[Collected data]
--- START ---

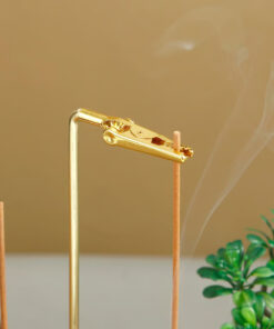 A discreet crocodile clip on a slim metal rod gently grips the incense stick in place. The modern metal arm enhances the overall design while offering stability, ensuring your incense burns evenly without tilting or mess.
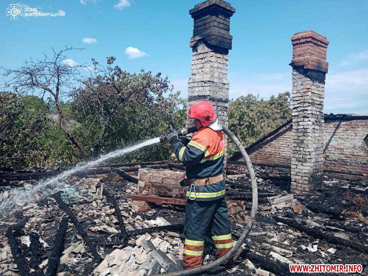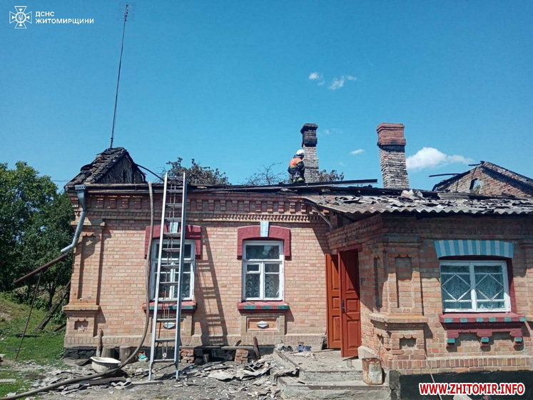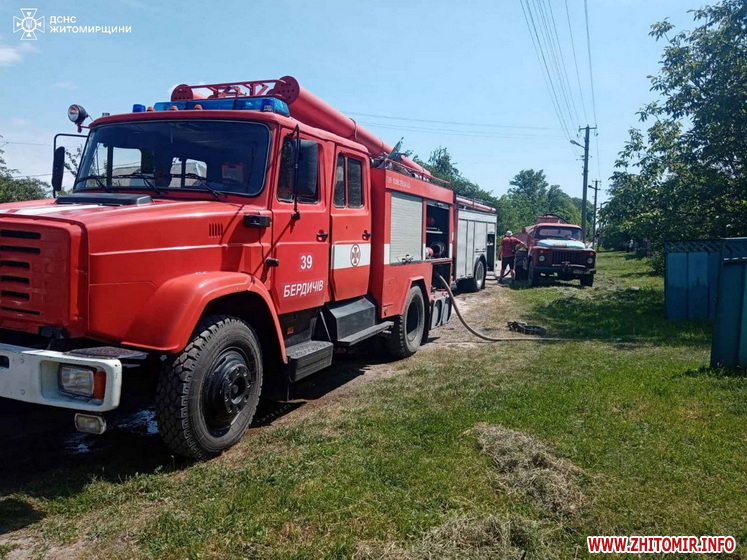 «23 травня о 10:43 до Служби порятунку «101» надійшло повідомлення про пожежу в приватному цегляному житловому будинку в с. Великі Низгірці Семенівської територіальної громади Бердичівського району. На місці події бійці ДСНС встановили, що загоряння виникло у місці входження до оселі лінії електропередач. Вогонь швидко розповсюдився горищем, де знаходилося сіно, та вже встиг охопити шиферну покрівлю. Існувала загроза поширення полум’я житлом», - йдеться в повідомленні.
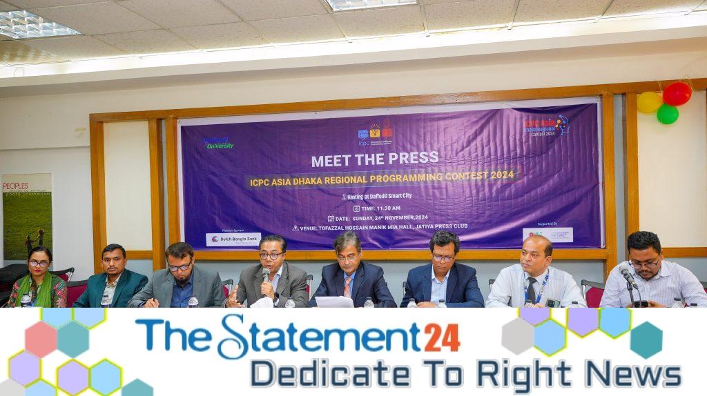 Daffodil International University is hosting ICPC-2024 (International Collegiate Programming Contest-2024) Asia Regional Dhaka Site on December 07, 2024 at Shadhinota Sommelon Kendra of the university at Daffodil Smart City at Birulia, Savar Dhaka. This was announced in a ” Meet the Press Program held today on November 24, 2024 at National Press Club in the capital. Professor Dr. Syed Akhter Hossain, Regional Contest Director and Dean, Faculty of Science and Information Technology (FSIT) of Daffodil International University uphold the details and special features of the event at the “Meet the Press Program. Dr. Nadir Bin Ali, Registrar, Daffodil International University presided over the “Meet the Press”. The `Meet the Press’ was also addressed by Mr. Saiful Islam, Deputy Regional Contest Director, Mr. Md. Shah Alam Patwary, Deputy Managing Director, Dutch Bangla Bank Ltd. Mr. Md. Golam Rabbani, Manager, ( Systems), Bangladesh Computer Council, Mr. Mr. Md. Jahangir Alam, Assistant Professor, Mr.Md. Ferdous Ahmed Faisal, Lecturer, Ms. Tanjima Afroz Rimi, Lecturer of CSE Department and Md. Anowar Habib Kazal, Senior Assistant Director (Public Relations) of Daffodil International University
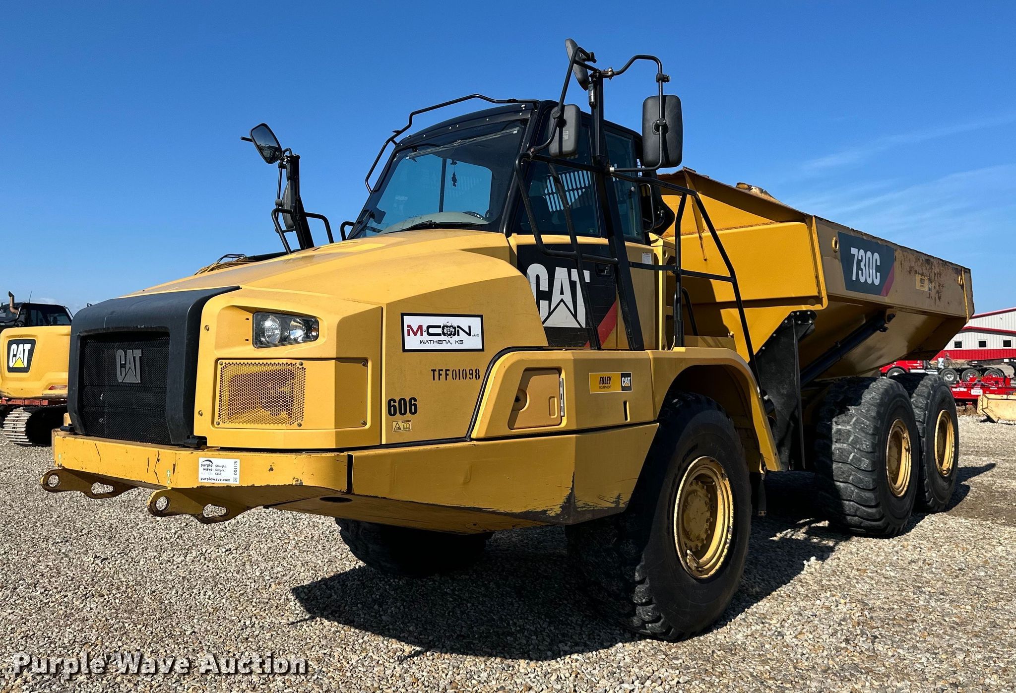 Purple Wave is selling a used Articulated Haul Truck in Kansas. This item is a 2015 Caterpillar 730C haul truck with the following: Hours: 7,442 on meter, Serial: CAT0730CLTFF01098
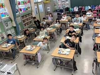 調理員さんたちのおかげで、いつも美味しい給食を食べることができます。
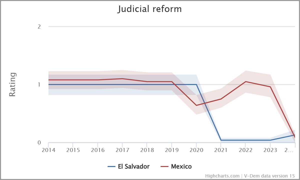 Authoritarian leaders often alter the judicial system to expand their powers. This week’s graph highlights the impacts of recent judicial reforms in El Salvador and Mexico.
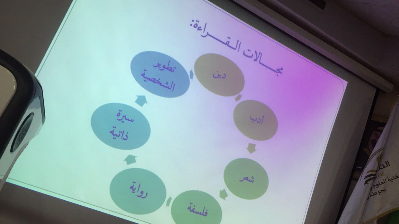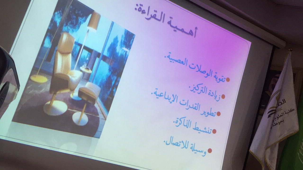 تحت رعاية عميدة كلية العلوم والدراسات الإنسانية بحوطة بني تميم د. حصة بنت سعود الهزاني، نظم نادي القراءة متمثلاً بمشرفته أ.بثينه الضفيان فعالية قارئة قمن بإعدادها أعضاء نادي القراءة خلال يوم الثلاثاء –الموافق 11 / 6 /1439 هـ – (11:30 م – 12:30 م) في مسرح الكلية. يهدف البرنامج إلى تعريف الطالبات بأهمية القراءة ودورها في بناء المجتمعات المتقدمة وقد تضمن البرنامج المحاور الأتية:
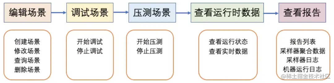2、压测场景:对场景的操作分为两方面,一是对场景配置的增删改查,二是对场景的压测和调试。

--- END ---

How to complete this task> Reproduce the data exactly as it appears above. Pictures are to be left out.

Answer below>
 A discreet crocodile clip on a slim metal rod gently grips the incense stick in place. The modern metal arm enhances the overall design while offering stability, ensuring your incense burns evenly without tilting or mess.
 «23 травня о 10:43 до Служби порятунку «101» надійшло повідомлення про пожежу в приватному цегляному житловому будинку в с. Великі Низгірці Семенівської територіальної громади Бердичівського району. На місці події бійці ДСНС встановили, що загоряння виникло у місці входження до оселі лінії електропередач. Вогонь швидко розповсюдився горищем, де знаходилося сіно, та вже встиг охопити шиферну покрівлю. Існувала загроза поширення полум’я житлом», - йдеться в повідомленні.
 Daffodil International University is hosting ICPC-2024 (International Collegiate Programming Contest-2024) Asia Regional Dhaka Site on December 07, 2024 at Shadhinota Sommelon Kendra of the university at Daffodil Smart City at Birulia, Savar Dhaka. This was announced in a ” Meet the Press Program held today on November 24, 2024 at National Press Club in the capital. Professor Dr. Syed Akhter Hossain, Regional Contest Director and Dean, Faculty of Science and Information Technology (FSIT) of Daffodil International University uphold the details and special features of the event at the “Meet the Press Program. Dr. Nadir Bin Ali, Registrar, Daffodil International University presided over the “Meet the Press”. The `Meet the Press’ was also addressed by Mr. Saiful Islam, Deputy Regional Contest Director, Mr. Md. Shah Alam Patwary, Deputy Managing Director, Dutch Bangla Bank Ltd. Mr. Md. Golam Rabbani, Manager, ( Systems), Bangladesh Computer Council, Mr. Mr. Md. Jahangir Alam, Assistant Professor, Mr.Md. Ferdous Ahmed Faisal, Lecturer, Ms. Tanjima Afroz Rimi, Lecturer of CSE Department and Md. Anowar Habib Kazal, Senior Assistant Director (Public Relations) of Daffodil International University
 Purple Wave is selling a used Articulated Haul Truck in Kansas. This item is a 2015 Caterpillar 730C haul truck with the following: Hours: 7,442 on meter, Serial: CAT0730CLTFF01098
 調理員さんたちのおかげで、いつも美味しい給食を食べることができます。
 Authoritarian leaders often alter the judicial system to expand their powers. This week’s graph highlights the impacts of recent judicial reforms in El Salvador and Mexico.
 تحت رعاية عميدة كلية العلوم والدراسات الإنسانية بحوطة بني تميم د. حصة بنت سعود الهزاني، نظم نادي القراءة متمثلاً بمشرفته أ.بثينه الضفيان فعالية قارئة قمن بإعدادها أعضاء نادي القراءة خلال يوم الثلاثاء –الموافق 11 / 6 /1439 هـ – (11:30 م – 12:30 م) في مسرح الكلية. يهدف البرنامج إلى تعريف الطالبات بأهمية القراءة ودورها في بناء المجتمعات المتقدمة وقد تضمن البرنامج المحاور الأتية:
2、压测场景:对场景的操作分为两方面,一是对场景配置的增删改查,二是对场景的压测和调试。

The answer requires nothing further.